Catherine Hill : Le problème ne réside pas tant dans l’ampleur : le drame reste un drame pour les familles. Mais on n’en a jamais chiffré l’impact parce que c’est un exercice que l’ANSM se refuse à faire. A part dans l’affaire Mediator, ce type d’études est très rarement réalisé. Mon estimation des victimes de la dompéridone (Motilium), qui évaluait à 200 le nombre de cas annuels, a été attaquée par l’Agence. Ces estimations dépendent de l’utilité des traitements.


L’efficacité de la Dépakine exlique-t-elle les réticences ?

Catherine Hill : C’est certainement un élément majeur. Ce traitement est très efficace, mais il ne faut aucune grossesse sous Dépakine.

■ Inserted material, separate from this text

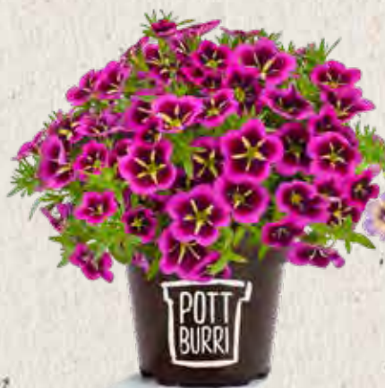
CALIBRACHOA „GOOD NIGHT KISS“

Face à une femme qui fait des crises épileptiques à répétition, et qui ne répond qu’à la Dépakine, les prescripteurs n’ont pas le choix. La logique des événements doit donc s’inverser. Si on donne ce médicament à une femme en âge de procréer, il faut systématiquement une contraception efficace, comme un stérilet. Le traitement doit être le même que pour le Roaccutane.
On ne peut pas savoir quand une femme va commencer une grossesse, et une chance sur deux de malformation ou de trouble neuro-développemental, c’est déraisonnable. Le risque de malformation commence dès le début de la grossesse, avant même que la femme se sache enceinte; quand elle découvre la grossesse c'est déjà trop tard.